▶ _Information shown_:
++++++++
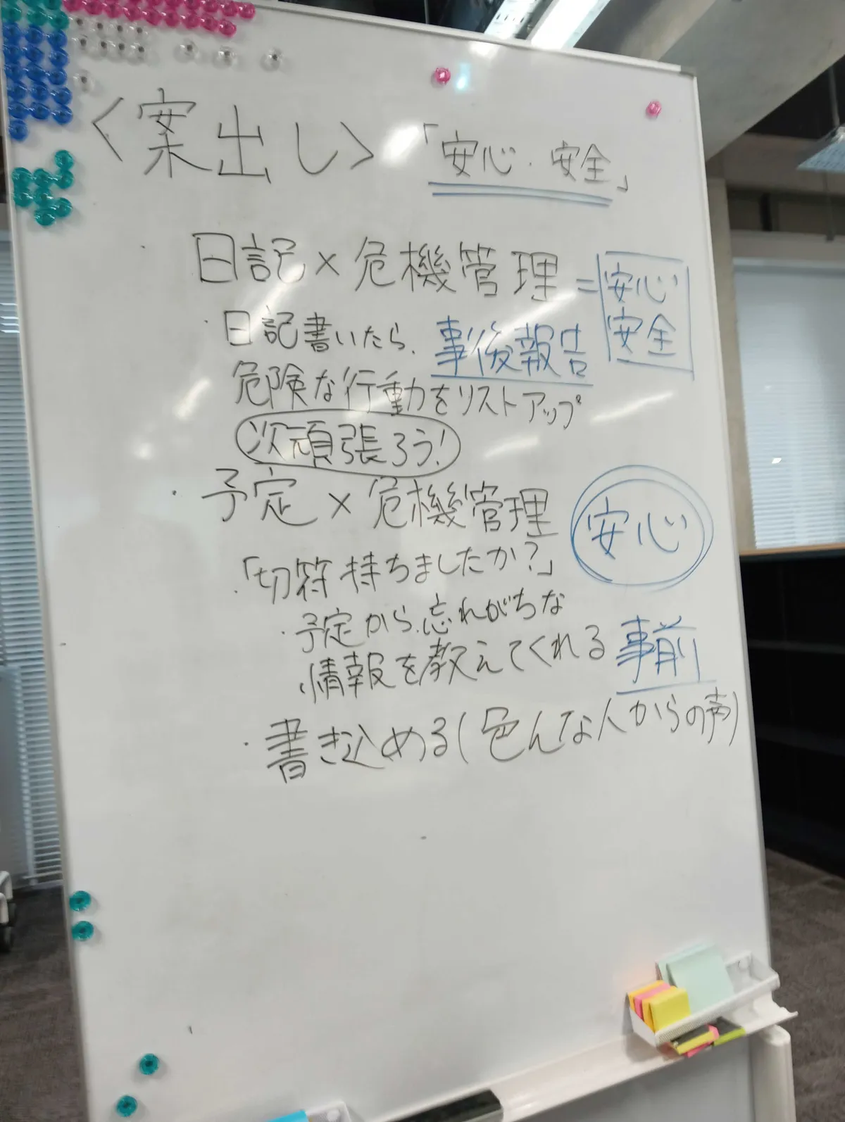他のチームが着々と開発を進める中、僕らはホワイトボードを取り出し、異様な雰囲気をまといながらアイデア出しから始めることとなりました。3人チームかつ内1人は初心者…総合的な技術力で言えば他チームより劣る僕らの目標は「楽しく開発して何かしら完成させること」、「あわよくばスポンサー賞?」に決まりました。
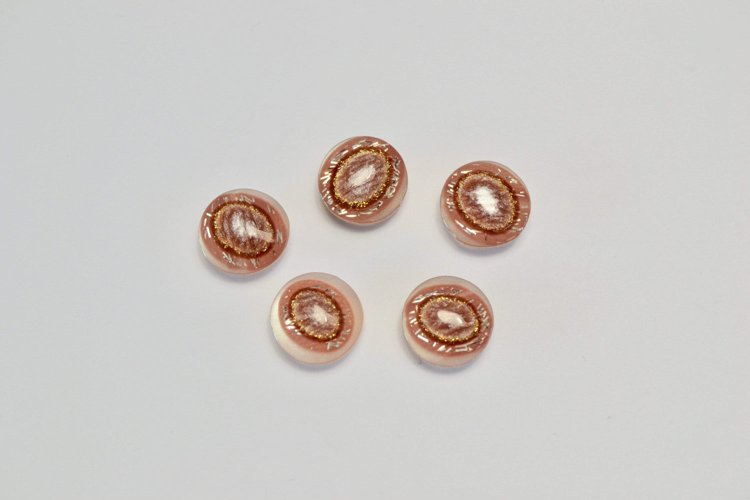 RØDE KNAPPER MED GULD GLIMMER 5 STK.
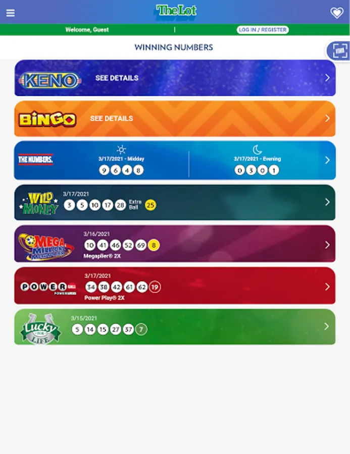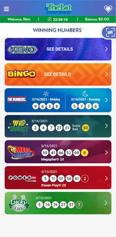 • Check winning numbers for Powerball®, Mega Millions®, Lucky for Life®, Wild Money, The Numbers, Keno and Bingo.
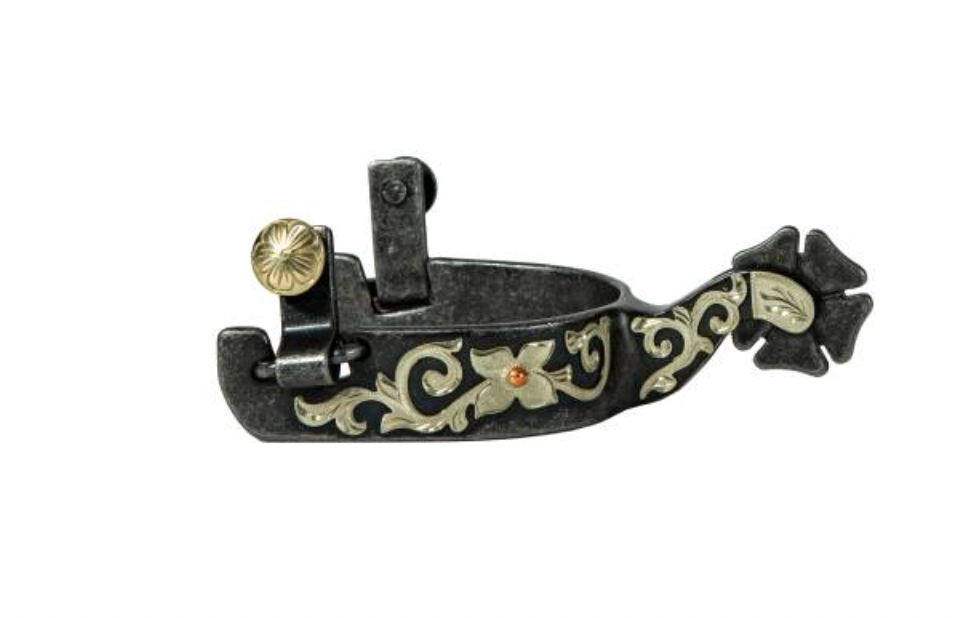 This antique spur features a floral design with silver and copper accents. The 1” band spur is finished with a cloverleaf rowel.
++++++++
▶ _Exercise objective_: All lines from the one that contains "RØDE KNAPPER MED GULD GLIMMER 5 STK." through the last line of the data should be retyped exactly, with the pictures left out.

▶ _Answer section_:
 RØDE KNAPPER MED GULD GLIMMER 5 STK.
 • Check winning numbers for Powerball®, Mega Millions®, Lucky for Life®, Wild Money, The Numbers, Keno and Bingo.
 This antique spur features a floral design with silver and copper accents. The 1” band spur is finished with a cloverleaf rowel.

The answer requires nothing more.